Athens firefighters to be honored for water rescue
Published 6:45 am Friday, December 6, 2019
- Athens Fire & Rescue firefighters, from left, Dewalt Durisseau, Colton Hill and Chad Green will be honored next week for their swift-water rescue of a girl earlier this year in Athens.
Three Athens firefighters who rescued a girl from a raging creek in April will be honored next week by a national group.
Athens Fire & Rescue Capt. Jeff Jones, who was at the scene that day, told The News Courier he recommended the men for the commendation in a letter to the bestowing organization, the National Sons of The American Revolution. The letter detailed the rescue.
About 11:44 a.m. Sunday, April 14, firefighters received a call about a girl swept away in a creek behind Elmwood Apartments on Elm Street. Firefighters Dewalt Durisseau, Chad Green and Colton Hill responded, as did Jones.
“Once on scene, bystanders told us that a 12-year-old girl had been swept away while playing near the creek,” Jones wrote.
The girl, who had been playing on the bank, had been swept about 40 yards downstream before she could grab a limb and held on, according to a previous News Courier report.
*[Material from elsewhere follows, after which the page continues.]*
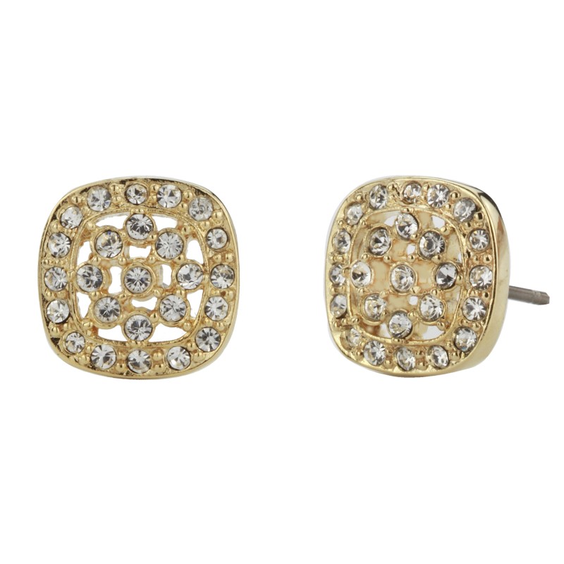 Traveller Ohrstecker - 22kt Vergoldet - Kristalle - Quadrat - Ø10 mm

“Due to large amounts of rain, the creek was at flood stage,” Jones said in the letter. “Our firefighters quickly moved down the creek bed to find the young lady clinging to a submerged limb. While the rest of the crew prepared for a rope rescue, Chad and Dewalt created a human chain as Colton, luckily the tallest, waded into 6 feet of rushing water to grab the victim before she lost her grip on the limb that held her.”
The girl was rescue unharmed, Jones said.
Recalling the event Wednesday, Hill told The News Courier the water was above his chin, and he stuck his foot under a root to keep from being swept away.
In recommending the men for the honor in the letter, Jones said, “None of us ever seek to separate ourselves from our crew in our work. We all know that without a driver to get us there safely, a battalion chief to guide us, or dispatch to give us the information we need, nothing happens. Life is lost without the whole team. However, these three, in their acts of selflessness, represent our team, from the 911 call to the firefighter in the water. They risked it all to save a life.”
In describing the three men to the group in the letter, Jones said Durisseau, with eight years on the department, “is calm and quiet, fiercely loyal, and still manages to instigate mischief around the station. His gentleness with patients, and the public, calms and disarms even the most upset individual.”
Green, a 10-year veteran of the department, is “very experienced, mechanically minded and a keeper of crucial technical rescue knowledge,” Jones said. “Equal parts engineer and running into battle, he is vital to our success on every call. Chad (Green) is real and honest to a fault, never keeping his thoughts a secret.”
Jones described Hill, a five-year man, this way: “A gentle giant with a goofy smile, Colton has been extraordinary since his first day. He was born to ride a fire truck. His natural instinct and talent is uncommon of his time working.”
In summarizing the letter, Jones said he had worked with the three men for years and could not have hand-picked a better crew.
“I would stack them all against any crew on the planet,” he said. “They are fine men personally and professionally.”